The tried and tested time loop narrative gets another incarnation of sorts in Matthew Butler-Hart‘s impressively made Infinitum: Subject Unknown. Filmed during the UK’s first lockdown entirely on an iPhone, the evident budget issues that may cause ire from some eyes are all the more forgiven when looking at its scope as a whole.
The time loop here involves Jane (Tori Butler-Hart). There isn’t much to know about Jane, other than that she awakes, bound and gagged, in a chair in an attic. It’s a strange set-up in an otherwise normal seeming London suburb, and just as the resilient Jane learns how to escape, she’s sent all the way back to the attic without so much as a logical explanation.
It doesn’t take long for Jane to realise she’s in a time loop, gradually travelling further and further away from the attic as each reset allows her to maintain certain nuggets of information to assist in her eventual escape. Just what she’s escaping though is a mystery in itself. There’s little to suggest that Jane has abilities or skills that would earn her prime subject placement, more that she’s been randomly selected, which somehow makes her psychological torture all the more painful.
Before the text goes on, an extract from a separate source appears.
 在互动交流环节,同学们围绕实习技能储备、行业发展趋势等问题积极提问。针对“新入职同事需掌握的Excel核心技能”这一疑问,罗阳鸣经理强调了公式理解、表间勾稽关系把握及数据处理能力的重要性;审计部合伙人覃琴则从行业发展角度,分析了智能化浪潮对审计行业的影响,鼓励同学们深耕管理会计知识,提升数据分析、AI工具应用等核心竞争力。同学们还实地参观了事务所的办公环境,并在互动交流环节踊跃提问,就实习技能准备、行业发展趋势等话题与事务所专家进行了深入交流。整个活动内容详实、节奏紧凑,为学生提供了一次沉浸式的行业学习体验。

She may not know entirely what’s going on, but two people that do are Professor Aaron Ostergaard (Conleth Hill) and Dr. Charles Marland-White (Ian McKellen) who, whilst only fleetingly appearing throughout in talking heads segments, relay informational importance throughout that suggests a bigger picture scenario. Therein lies one of the main issues with Infinitum though, as it slowly starts to uncover some of the who’s and why’s behind Jane’s predicament before an abrupt ending leaves the audience with a definitive “what?”; apparently there are further stories planned as part of the wider universe Butler-Hart has concocted, meaning this cliffhanger ending could hopefully be resolved.
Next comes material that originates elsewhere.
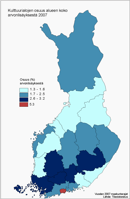 Maakunnista ainoastaan Varsinais-Suomi ylittää maan keskiarvon (3,2 %), jonka pääkaupunkiseutu nostaa korkealle. Varsinais-Suomen keskus Turku on perinteinen kulttuurialue. Varsinais-Suomen talouden painoarvo ja alueellinen bkt ovat hieman pienemmät kuin Pirkanmaan, mutta kulttuurin merkitys on siellä sekä suhteellisesti että absoluuttisesti selvästi suurempi.

As frustrating as the conclusion may be, and the film’s early stages run the risk of repetition as we witness Jane’s attempted escape from the attic, the little clues dropped throughout each scenario – photographs and bloodstains being two of the more prominent easter eggs – and the dedication from Tori Butler-Hart, essentially delivering a one-woman show (or is that a two-woman show?), allows the film to continually overcome its limitations.
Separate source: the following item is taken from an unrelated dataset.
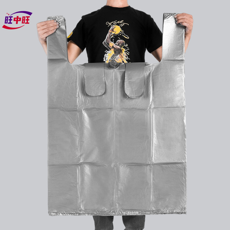실버 회색 비닐 봉투 대형 두꺼운 핸드백 이동 가방 조끼 조끼 대형 편리한 비닐 가방스토어 가기

Given that the Covid experience itself felt like a time loop for us all in various stages of lockdown, the creative input for Infinitum shines a light on the silver linings of such a tragic situation. The shots of a desolate London prove all too eerie knowing there wasn’t any computer trickery to earn such an effect, layering the hopelessness that we as a society experienced, as well as linking us to the mind frame of the confused Jane. A little film with big ideas, Infinitum: Subject Unknown may not entirely land as a fully formed realisation, but the creative intricacies present deserve respect all the same.
THREE STARS (OUT OF FIVE)
Infinitum: Subject Unknown is available to rent or buy digitally in Australia. It will be coming to select theatres and available on VOD in North America from August 6th, 2021.